TASK GOAL: The records must be retyped exactly, with no pictures included.

SUPPLIED RECORDS:
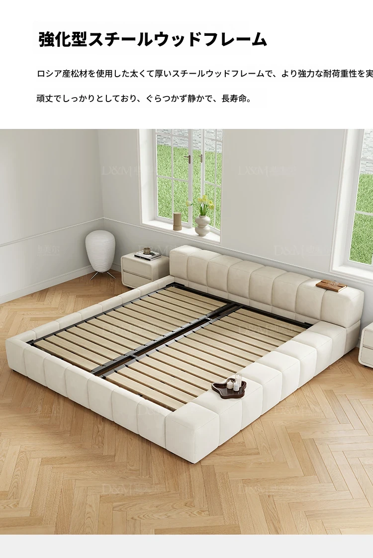 ディメールシュガーブロック布張りベッド - モダンでシンプルなデザインのダブルベッド。主寝室や新婚カップルに最適!畳収納付き、イタリア風の軽やかなラグジュアリーで、おしゃれな空間を演出します!
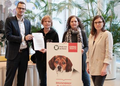 Animal Rights en Partij voor de Dieren Den Bosch hebben gisteren een brandbrief tegen dierproeven aan een naaste medewerker van minister Adema overhandigd. In de brief, die 3.555 keer ondertekend is in vier weken, wordt de minister van LNV gevraagd dierproeven zo snel mogelijk af te bouwen.
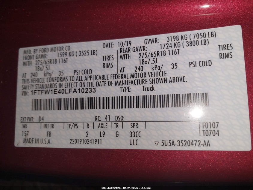 • 1FTFW1E40LFA10233
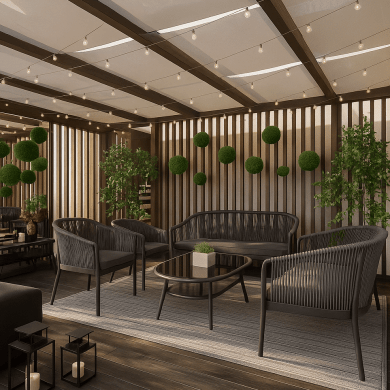 Пространство организовано по принципу гибкой модульной структуры. Перголы, зелёные насаждения и уличная мебель формируют несколько взаимосвязанных зон: места для отдыха, неформального общения и небольших встреч.
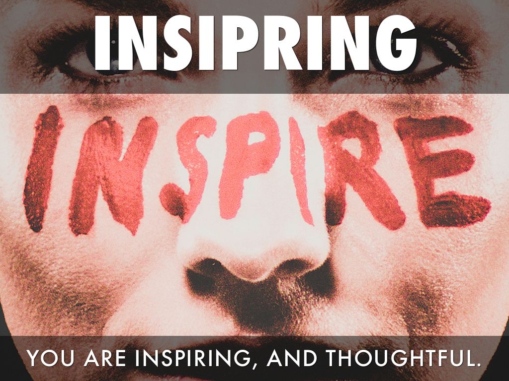 YOU ARE INSPIRING, AND THOUGHTFUL.
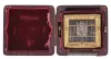 lacquer losses resulting in some dulling in affected areas, front glass with small chip at lower left, dial with a few minor scratches, mask good, minute hand replaced, movement with minor staining, running, striking, and repeating correctly, alarm functional, balance rim bent, box with scuffs and minor losses, handle missing, glass replaced and with rough upper edge, blind missing

ANSWER TO THIS EXERCISE:
 ディメールシュガーブロック布張りベッド - モダンでシンプルなデザインのダブルベッド。主寝室や新婚カップルに最適!畳収納付き、イタリア風の軽やかなラグジュアリーで、おしゃれな空間を演出します!
 Animal Rights en Partij voor de Dieren Den Bosch hebben gisteren een brandbrief tegen dierproeven aan een naaste medewerker van minister Adema overhandigd. In de brief, die 3.555 keer ondertekend is in vier weken, wordt de minister van LNV gevraagd dierproeven zo snel mogelijk af te bouwen.
 • 1FTFW1E40LFA10233
 Пространство организовано по принципу гибкой модульной структуры. Перголы, зелёные насаждения и уличная мебель формируют несколько взаимосвязанных зон: места для отдыха, неформального общения и небольших встреч.
 YOU ARE INSPIRING, AND THOUGHTFUL.
 lacquer losses resulting in some dulling in affected areas, front glass with small chip at lower left, dial with a few minor scratches, mask good, minute hand replaced, movement with minor staining, running, striking, and repeating correctly, alarm functional, balance rim bent, box with scuffs and minor losses, handle missing, glass replaced and with rough upper edge, blind missing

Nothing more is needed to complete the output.